Dataset excerpts –
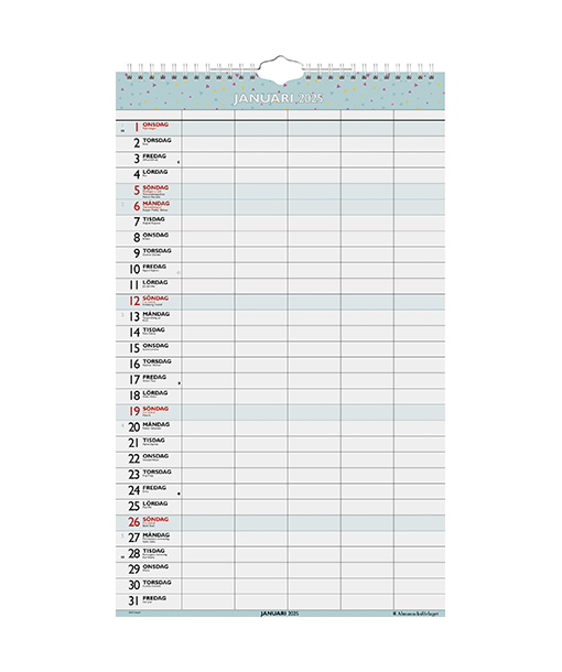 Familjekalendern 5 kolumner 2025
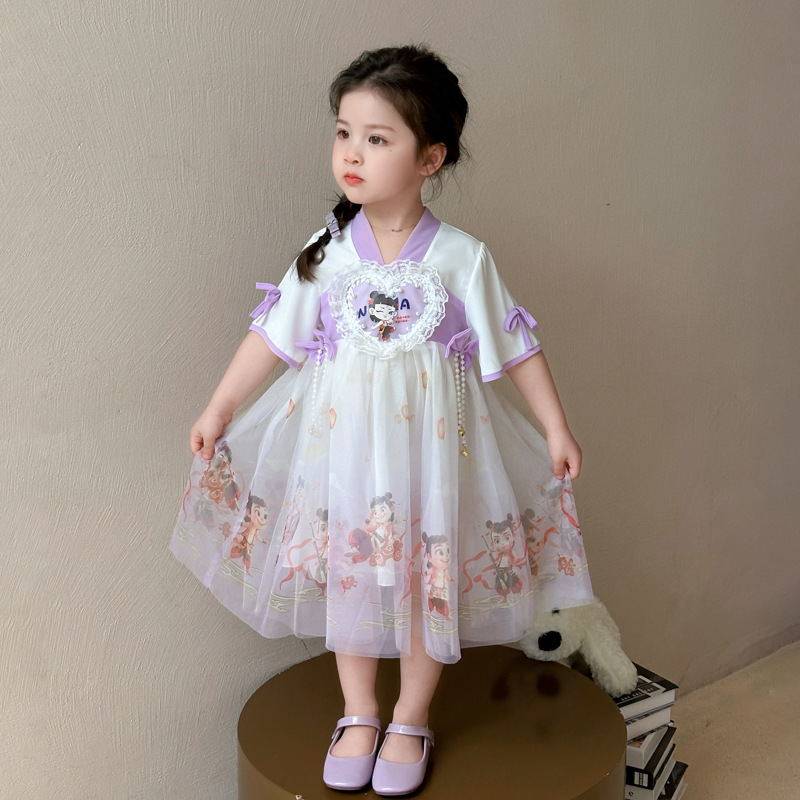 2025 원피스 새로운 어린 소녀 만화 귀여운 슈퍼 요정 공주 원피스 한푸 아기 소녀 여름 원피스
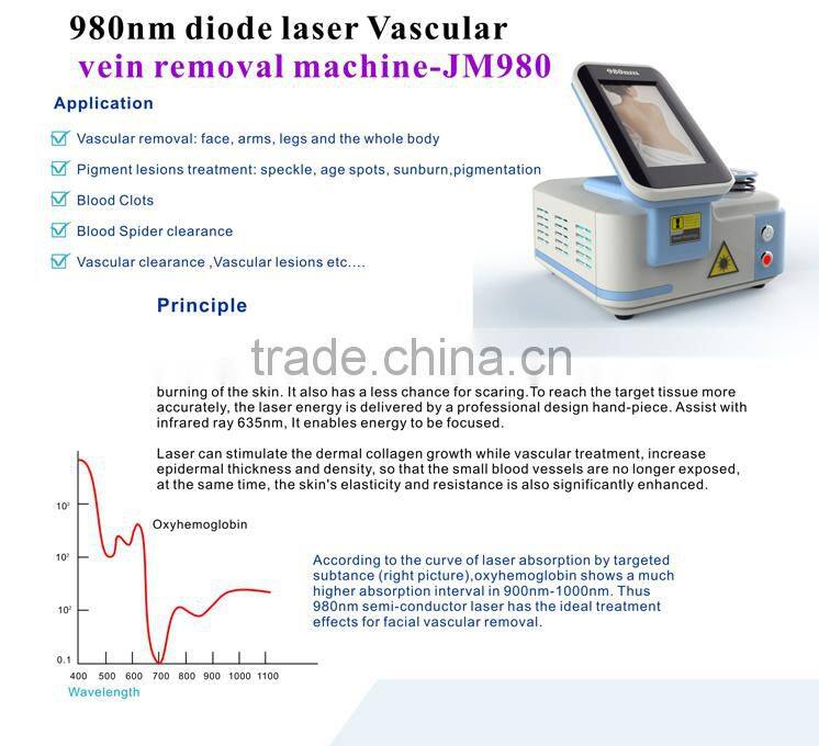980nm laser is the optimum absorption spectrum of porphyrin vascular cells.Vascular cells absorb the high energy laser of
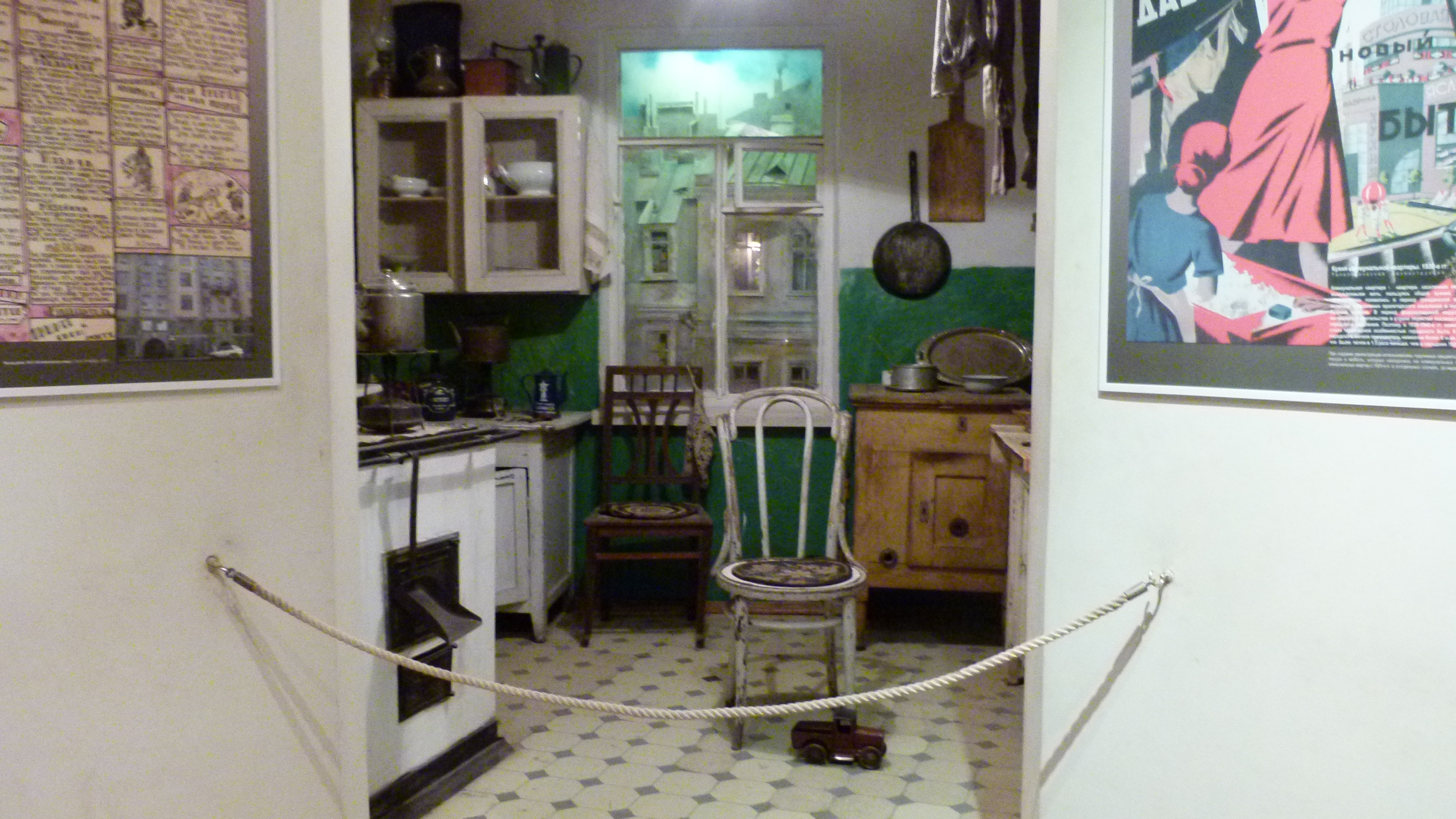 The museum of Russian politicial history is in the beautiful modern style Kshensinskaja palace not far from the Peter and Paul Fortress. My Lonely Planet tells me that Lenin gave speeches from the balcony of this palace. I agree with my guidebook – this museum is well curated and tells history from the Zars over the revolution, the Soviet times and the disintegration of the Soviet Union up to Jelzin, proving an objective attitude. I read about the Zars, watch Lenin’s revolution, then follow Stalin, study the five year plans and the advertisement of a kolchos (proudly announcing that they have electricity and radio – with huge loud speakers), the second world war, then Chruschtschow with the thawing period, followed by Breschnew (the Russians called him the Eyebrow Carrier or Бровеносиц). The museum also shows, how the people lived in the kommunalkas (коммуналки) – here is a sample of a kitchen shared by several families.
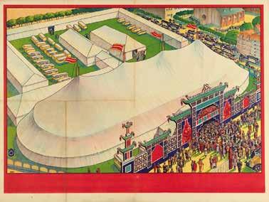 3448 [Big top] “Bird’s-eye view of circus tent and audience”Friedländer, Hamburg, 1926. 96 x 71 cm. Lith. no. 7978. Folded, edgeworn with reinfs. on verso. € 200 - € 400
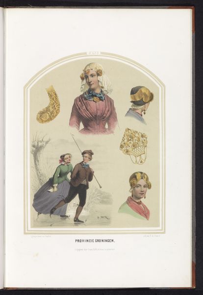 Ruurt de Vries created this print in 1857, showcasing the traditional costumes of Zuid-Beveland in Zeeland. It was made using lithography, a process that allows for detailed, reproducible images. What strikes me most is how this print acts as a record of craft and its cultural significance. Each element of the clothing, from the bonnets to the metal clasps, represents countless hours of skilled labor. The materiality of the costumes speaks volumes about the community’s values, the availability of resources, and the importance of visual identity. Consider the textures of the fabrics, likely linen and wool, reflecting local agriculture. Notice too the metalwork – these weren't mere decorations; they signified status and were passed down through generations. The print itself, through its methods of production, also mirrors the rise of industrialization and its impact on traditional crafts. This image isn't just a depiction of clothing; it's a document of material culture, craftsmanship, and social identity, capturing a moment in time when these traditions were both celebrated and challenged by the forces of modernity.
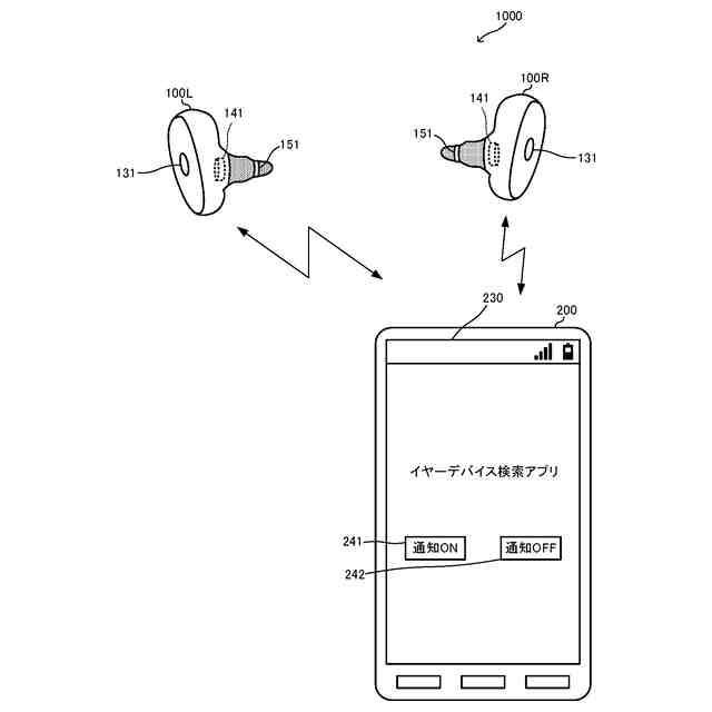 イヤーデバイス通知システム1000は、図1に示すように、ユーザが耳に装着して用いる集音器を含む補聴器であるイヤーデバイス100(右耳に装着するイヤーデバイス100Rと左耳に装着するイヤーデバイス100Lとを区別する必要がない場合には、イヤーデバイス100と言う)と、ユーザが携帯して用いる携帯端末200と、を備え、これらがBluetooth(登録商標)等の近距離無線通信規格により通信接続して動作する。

WHAT IS NEEDED – Where a picture appears, omit it; otherwise reproduce each line above from the first to the one with "980nm laser is", inclusive.

SOLUTION TO THE PROBLEM –
 Familjekalendern 5 kolumner 2025
 2025 원피스 새로운 어린 소녀 만화 귀여운 슈퍼 요정 공주 원피스 한푸 아기 소녀 여름 원피스
980nm laser is the optimum absorption spectrum of porphyrin vascular cells.Vascular cells absorb the high energy laser of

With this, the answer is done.